In the room underneath mine, in my lodgings, was a round red-faced Yorkshireman who was a pacifist. He too was full of reticences. But on Armistice Day he got into some kind of a demonstration and all the rugger players and oarsmen threw eggs at him. I knew nothing about it until I saw the pictures in the evening paper. 

I would not have been interested in making friends with him either—he was too tame and shy. But in any case the landlord took to coming into my room and calumniating the poor man while I listened patiently, knowing of no way to shut him up. Before the end of the year the landlord was much more disgusted with me than with any lodger he had ever had before or, probably, since. 

I think it was after Armistice Day, when I had finally become acquainted with some two hundred different people, that I drifted into the crowd that had been gravitating around the nether pole of Cambridge life. 

We were the ones who made all the noise when there was a “bump supper.” We lived in the Lion Inn. We fought our way in and out of the “Red Cow.”
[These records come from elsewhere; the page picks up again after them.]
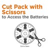 I understand this is to protect young kids from eating batteries, I'm all for protecting kids, but this design makes no sense. There has to be a better design. The instruction video of how to open is helpful, but wow, you have to squeeze hard to cut thru the plastic. However, I keep my battery package in my pocket in case the ones in my hearing aid die while I'm out and about. I don't always carry scissors in my pocket either. Not to mention the sharp edges and corners on the cutouts that scrape your skin until it bleeds. Not exactly child friendly there, plus the dead battery being thrown away. How does cutting up the case for new batteries protect kids from the dead batteries? I used to put the old batteries back in the case so they don't end up on the floor by accident, even after throwing them away? Sure, save them in a cup or jar for recycling-- kids get into that too. Nothing is perfect, and the battery case is no exception. The batteries themselves tho... they work well. But not worth buying again if I need a powersaw to get then out.
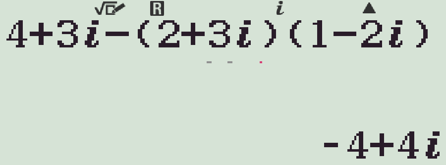Ta có \(4z=4+3\mathrm{i}-(2+3\mathrm{i})(1-2\mathrm{i})=-4+4\mathrm{i}\).
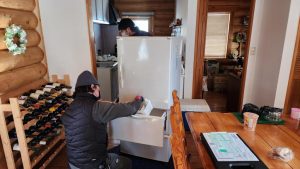 午後1時過ぎに配送業者さんがやってきて、まずは古い方の冷蔵庫さんの搬出作業を開始。
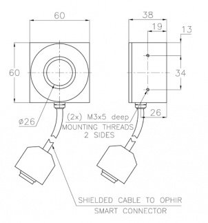 L30C-LP2-26-SH是一款緊湊型熱功率/能量激光測量傳感器,可獨立使用或安裝在主機系統上。它有一個26毫米的孔徑,可以單獨測量300瓦到10瓦,當熱量下沉時可以測量100瓦。它可以測量從30mJ到2000J的能量。該傳感器能夠通過測量暴露在激光下0.5-4s的能量來測量高達4kW的高功率激光。高損傷閾值LP2吸收器覆蓋0.25至2.2μm的光譜范圍。傳感器配有一根標準的1.5米電纜,用于連接儀表或PC接口。
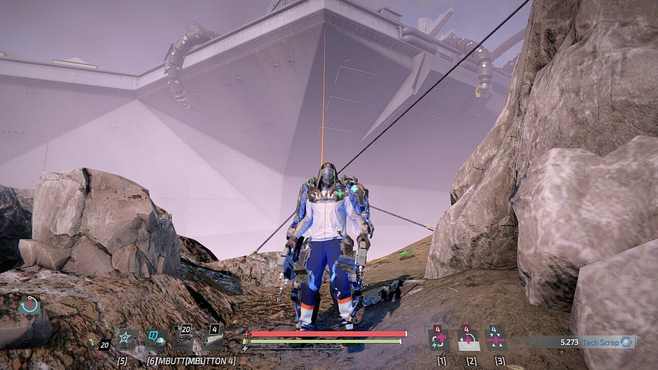 So I grinded for a few days between my other work (DLC for The Surge 2 isn’t exactly the most important thing on my to-do list, even if I am a huge fan), had some fun trying out a twin-rigged build, and finally managed to make my way to The Kraken. Accessible from that little islet where you first see the memory of Athena encountering A.I.D. in the toxic waters, a little boat is now there waiting to take you to the new content. You hop on and are transported to a little island. In the distance, the massive VBS Krakow looms. You ride a zipline up to the gargantuan decommissioned aircraft carrier, and the whole time you drink in the scale of what you’re about to encounter. Engulfing the ship in massive tentacles is some kind of robotic octopus, the eponymous Kraken. Truly, this must be a massive and harrowing adventure.
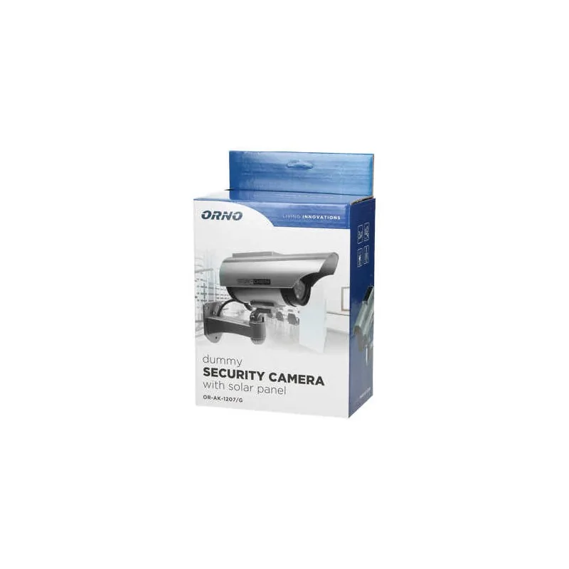 Atrapa kamery monitorującej OR-AK-1207/G firmy ORNO wyposażona została w migającą diodę led i zasilana jest panelem solarnym. Urządzenie to nie różni się wyglądem od prawdziwej kamery monitorującej i daje wrażenie ciągłego monitoringu. Produkt przeznaczony jest do użytku wewnątrz, jak i na zewnątrz, a jego średnica równa jest 7 cm. Atrapa kamery marki ORNO zasilana jest dwoma bateriami AA (brak w zestawie) i posiada obudowę w kolorze srebrnym.
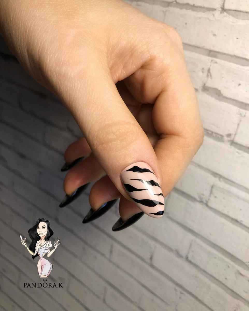 смотрится тигровый маникюр, нанесённый только на один ноготь каждой руки
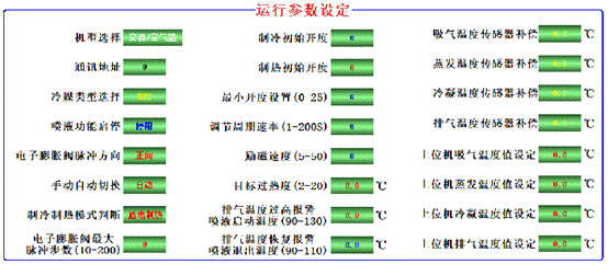 路參數(shù)控制參數(shù)設(shè)置/查詢:控制器內(nèi)所有與控制相關(guān)的溫度參數(shù)、時間參數(shù)、控制參數(shù)、等29個參數(shù)都可以調(diào)整,以適應(yīng)制冷/熱泵/冷庫/水機(jī)等設(shè)備。
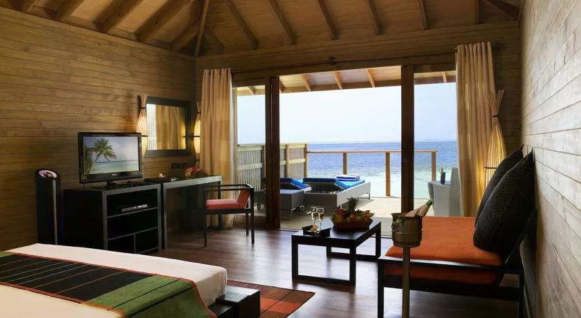 30 Jacuzzi Water Villa (85 м2, макс. 3 чел.). Надводные виллы, расположенные в лагуне. Большая спальня, пол – дерево, iPod док-станция, кофемашина для эспрессо, ванная комната находится частично под открытым небом, терраса с шезлонгами, прямой спуск в океан и приватный участок на открытом воздухе с джакузи для двоих.
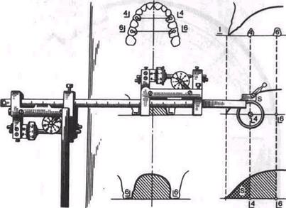 Рис. 4.7. Определение площади неба с помощью планиметра. сальных и сагиттальных кривых [Яворовская А. И., 1948; Хо-рошилкина Ф. Я., 1970]. Полученные результаты сопоставляют с данными, характерными для ортогнатического прикуса. Кроме того, сравнивают форму и размеры сагиттальных и трансвер-сальных контуров неба детей с зубочелюстными аномалиями их родителей, что позволяет выявить их подобие или различие. Для определения площадей неба в сагиттальной и трансвер-сальной плоскостях на уровне 4 | 4 и 6_1_6, ограниченных окклюзионной плоскостью, применяют метод планиметрии. С этой целью используют полярный планиметр для определения площадей плоских фигур (рис. 4.7). Полученные данные сравнивают со средними нормами. По выявленному различию судят о степени нарушения формы альвеолярного отростка челюсти. К техническим достижениям изучения зубоальвеолярных отклонений относят графический способ исследования с помощью компьютера, а также прямой сбор цифровых данных Двухмерным или трехмерным [Van der Linden F. P., 1970] путем. В ортодонтии и детской стоматологии для быстрого и точного расчета диагностических данных, а также для прогнозирования развития зубочелюстной системы можно применять ортодонтометр. Его аналогом являются диагностические табли-Ubi, а прототипом — ортометр Коркхауза. С помощью ортодон-тометра врач быстро и в достаточном объеме получает инфор-
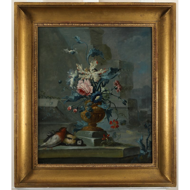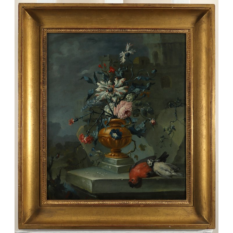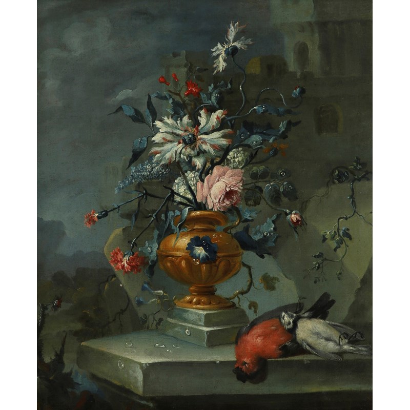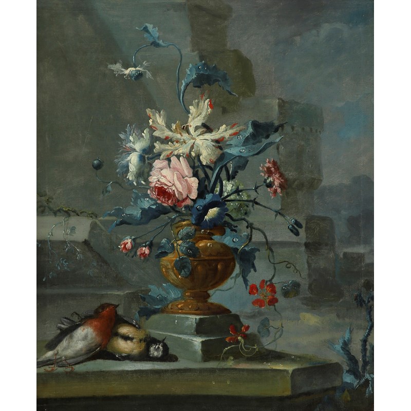 Still life with a vase of peonies, nasturtium and other flowers, with dead birds; Still life with a vase of peonies, morning glory and other flowers with dead birds
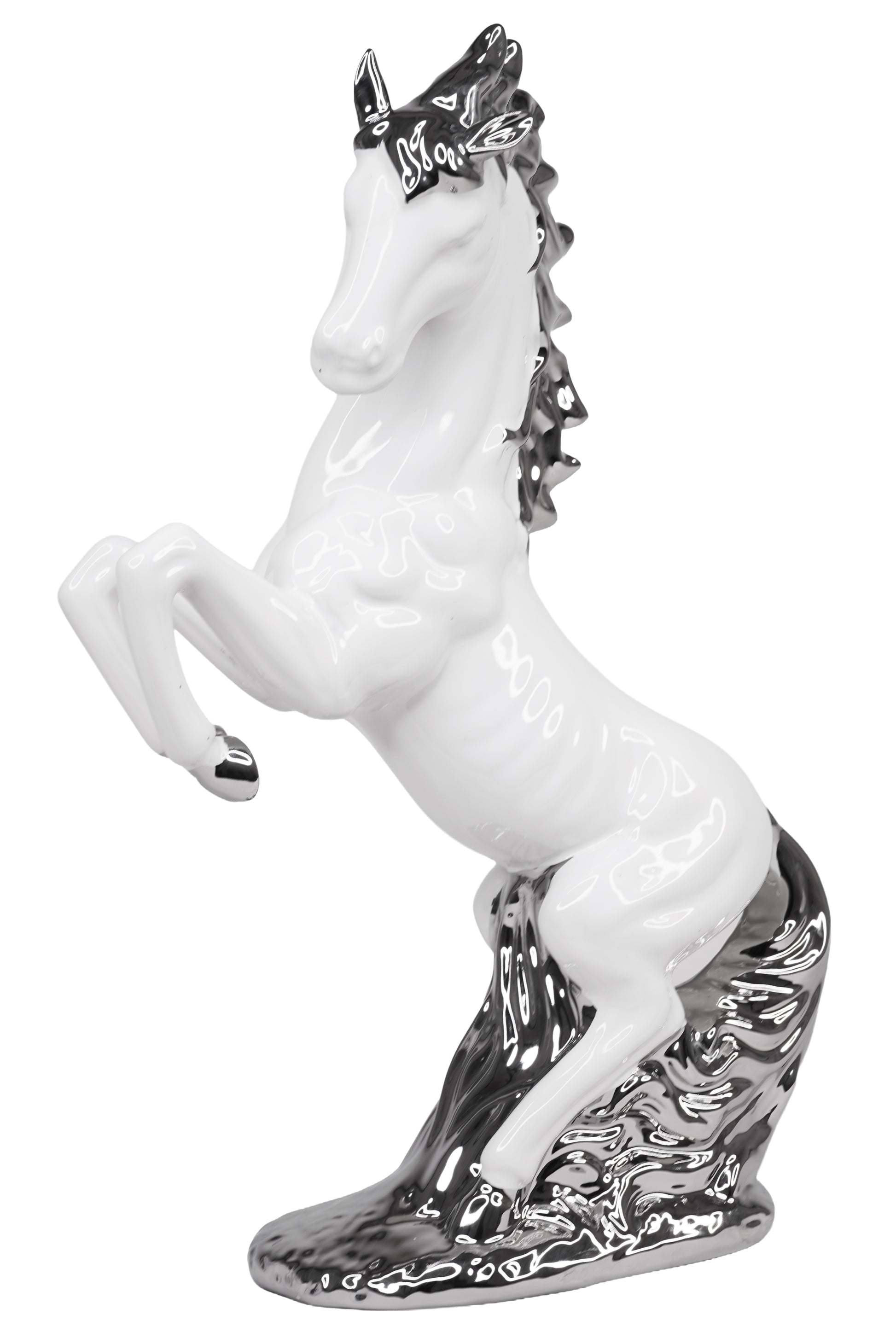 The pristine white body enhanced by elegant silver accents creates a bold visual statement that demands admiration. Whether displayed on a prominent shelf, mantel, or entryway table, this powerful horse sculpture becomes an instant focal point that speaks to your refined taste and appreciation for dynamic art. Transform your space with sculptural presence that inspires.
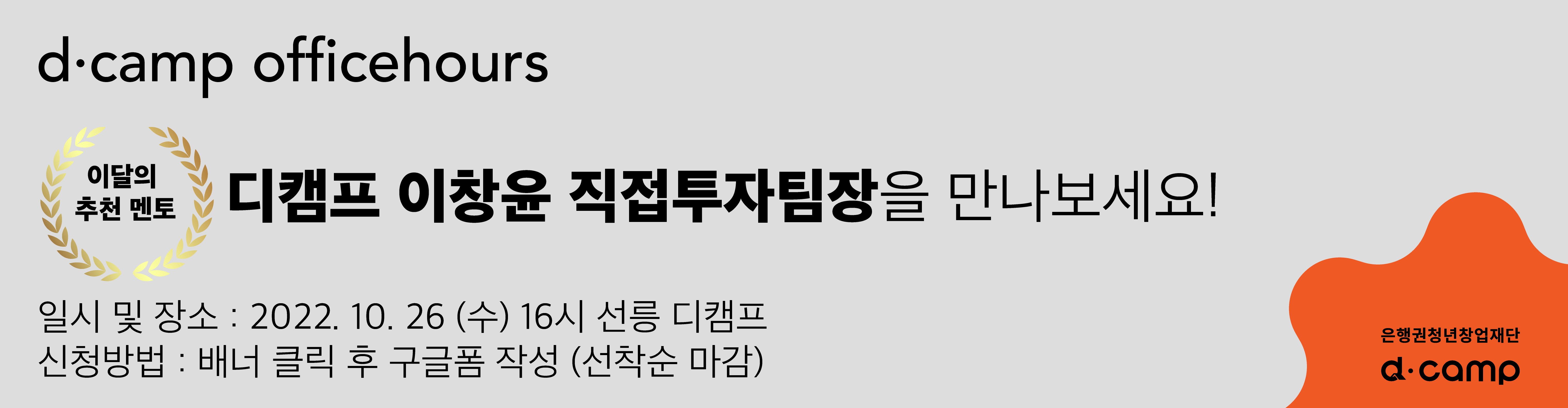 [10/26(수)│선릉] d·camp officehours with 디캠프 이창윤 직접투자팀장
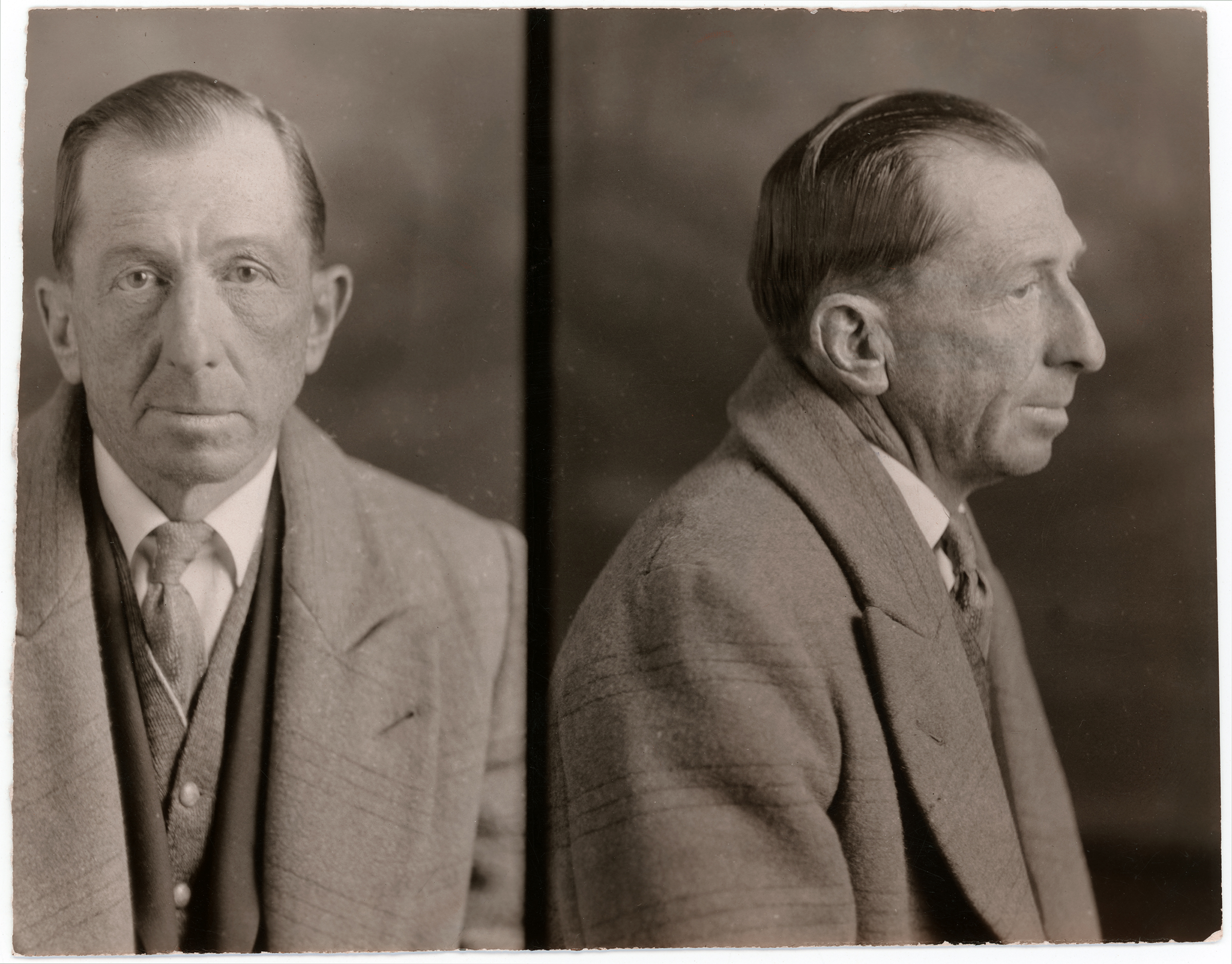 Vernon was captured December 3, 1929; the back of this approx. 5¾x4½-inch print is date-stamped December 28, 1929, N.E.A. (Newspaper Enterprise Association). So, these are probably post-capture mughots rather than earlier BOLO photos (Be On the LookOut for).
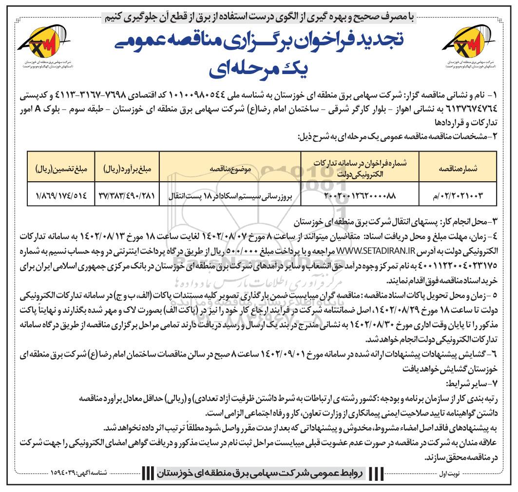 تجدید مناقصه عمومی بروزرسانی سیستم اسکادا در 18 پست انتقال, تجدید مناقصه عمومی بروزرسانی سیستم اسکادا در 18 پست انتقال
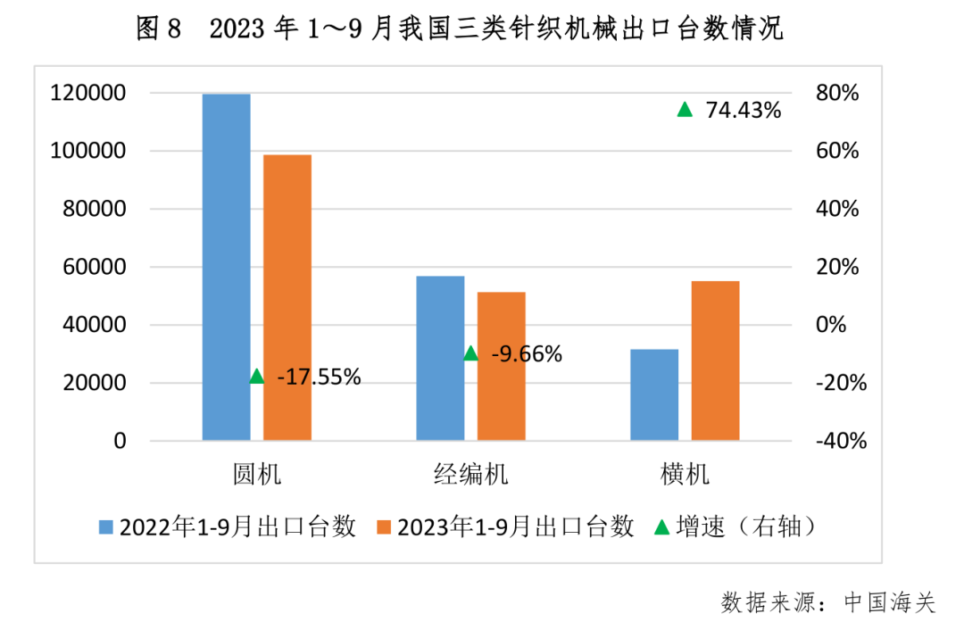 另據中國海關數據,1~9月我國圓機、經編機分別出口98000余臺和51000余臺,同比分別下降17.55%和9.66%;同期,橫機的出口數量為55000余臺,同比大幅上揚74.43%。從出口分布情況來看,印度、越南、孟加拉、土耳其等為我國針織機械的主要出口目的國,該四國的占比之和約占我國針織機械出口總額的50%。
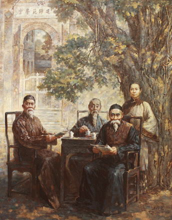 與《陳寶琛》有緣,理由有三。其一,陳寶琛為我校---福建師范大學(xué)的創(chuàng)辦者,福建閩縣(今福州)人。其在家鄉(xiāng)二十余年間,積極辦教育,辦鐵路,創(chuàng)辦各種公、私立的新式學(xué)校30余所,為福建近代教育發(fā)展作出不朽的貢獻(xiàn)。其二,與陳寶琛后人為友。2010年,因博士論文的撰寫前往臺灣收集素材時,在文化大學(xué)巧遇陳寶琛后人-----文化大學(xué)博物館館長陳明湘女士。經(jīng)幾次來往成為朋友,期間我陪陳館長專程探望福州城郊的陳氏故居和族親。其三,因福建省藝術(shù)創(chuàng)作與之結(jié)緣。首先,2009年福建省文聯(lián)為舉辦“錦繡海西——福建省當(dāng)代美術(shù)晉京展”而發(fā)動省內(nèi)藝術(shù)家進(jìn)行主題創(chuàng)作,表現(xiàn)八閩名人軼事、人文景觀與自然景觀等。我有幸合作創(chuàng)作大型歷史畫《閩水萬古流》(280X860cm)。該作品表現(xiàn)福建上下兩千多年具有代表性的50位杰出歷史人物以及著名的人文自然景觀。作品在中國美術(shù)館展出時廣受好評。陳寶琛是作品中人物之一。其次,自2005年國家重大歷史題材美術(shù)創(chuàng)作工程啟動之后,各省紛紛開展重大歷史題材創(chuàng)作。2010年,福建省文化廳也啟動“福建省近代以來重大歷史題材美術(shù)創(chuàng)作工程”, 陳寶琛成為我創(chuàng)作主題。之后,它與《閩水萬古流》同時入選該工程。兩年前,《陳寶琛》就是在該作品的基礎(chǔ)上不斷修善而入選首屆國家藝術(shù)基金美術(shù)、書法、攝影創(chuàng)作人才資助項(xiàng)目,并獲得2016年國家藝術(shù)基金滾動資助項(xiàng)目。
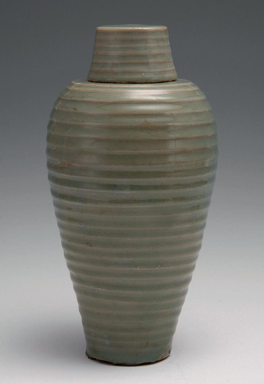 4.程大雅墓出土的龙泉窑青瓷弦纹带盖梅瓶在这个时期龙泉窑已经开始采用多次上釉的工艺 ,而多次上釉工艺是厚釉瓷器出现的基础。腹部大部分区域布满密集的开片纹,开片处泛黄,釉层莹润。
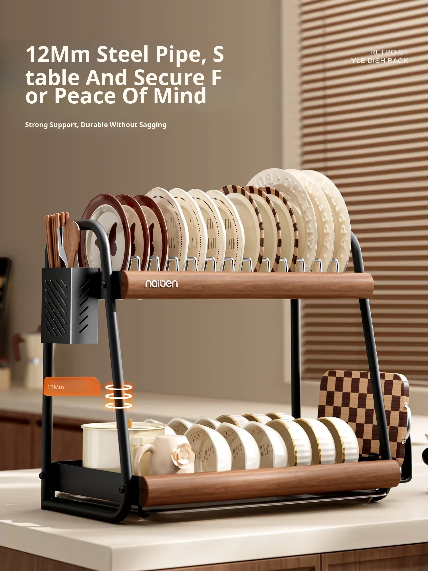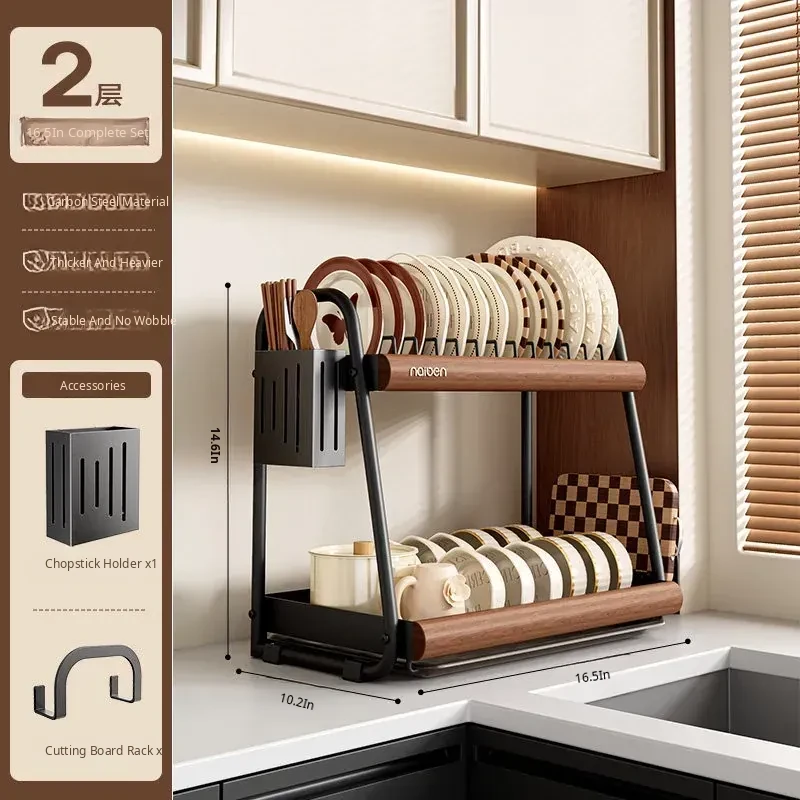 Selected Carbon Steel [Black Walnut Color/Double Layer] (Chopstick Cage + Cutting Board Holder)
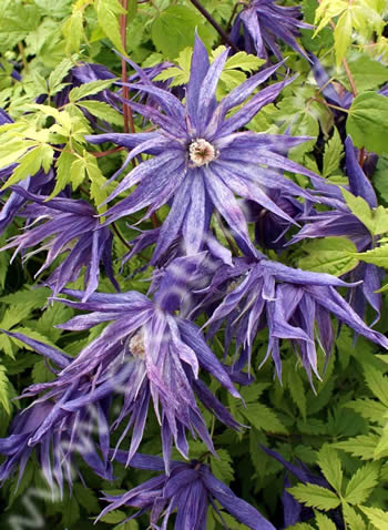 Сине-фиолетовый с махровыми/полумахровыми цветами диаметром 8 см.
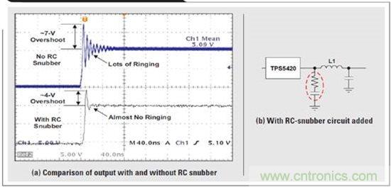 RC 緩衝器 降壓穩壓器輸出能夠以相當高的開關速度對非常大的電壓實施開關操作。本文 中,將 TPS5420 的輸入電壓軌設定為 10V,我們可以在輸出端觀測到許多過衝 和振鈴,如圖 7a 所示。為了吸收一些電源電路電抗能量,我們將 RC 緩衝電 路添加到了 TPS5420 的輸出(請參見圖 7b)。

I've been teaching rooms full of college Mertons for over 25 years.  What Merton describes here isn't unique.  In fact, I would say it's pretty typical for 18- and 19- and 20-somethings.  They don't know who they are, what they are, sometimes where they are.  They are told on a daily basis that they're adults and need to behave as such.  Yet, their prefrontal cortexes are still in that weird state of adolescent playdough, being shaped and reshaped, over and over, by their experiences.  In the morning they wake up as bowls and then--WHAMMO!--they're flattened into plates by afternoon.

Of course, that happens to adults, as well.  You wake up, get dressed, go to the office where you've worked for the last 20 years, and--WHAMMO!--your entire department is being outsourced.  Or, you wake up happily married, go to work, and when you get back home--WHAMMO!--your spouse is gone.  There are no guarantees for stability or happiness in life.  Benjamin Franklin's little nugget of wisdom still applies:  ". . . in this world nothing can be said to be certain, except death and taxes."  One of my many therapists with whom I've worked once told me, "Change is inevitable."  She was right.

I'm sure everyone reading this post will agree that 2020 has been a WHAMMO! year.  So much that I took for granted has vanished.  Going to a movie theater.  Walking into a classroom.  Eating out at a restaurant.  The simplest acts of living in 2019 have been transformed into occasions of possible deadly exposure in 2020.  Two words that will probably be used, over and over, in history books about this time are "isolation" and "distance."  People have been forced to become islands by the pandemic.

I have never been a fan of WHAMMO!  In fact, I would say that I've spent a good portion of my life running from WHAMMO!  I'm a creature of habit.  I've said so many times in this blog.  As a writer, this character trait helps me.  Having a writing routine makes it easier for me to slip deeper and quicker into the place where poetry lives.

Some people might accuse me of wanting a boring life.  That's not true.  I want a life where the people I cherish most are happy and healthy and safe.  I want a life where love and trust aren't distant stars, but twin suns in my orbit.  I want my daughter to realize that she astounds me constantly with her boundless compassion.  I want my son to understand that this world is a better place because he's in it.  I want my wife to know that I've given her my best self, every day, since we've been together.  No WHAMMO! can take any of those things away.

So, yes, Mr. Franklin, death and taxes are certainties.  But I also know I can count on my daughter to hug me every night before she goes to bed.  That my son can't fall asleep until I sit on the edge of his mattress and pray with him.  And that, in the dark tonight, before I close my eyes, I will look at my wife's sleeping face and remember the first time I kissed her.

For all those certain miracles, Saint Marty gives thanks.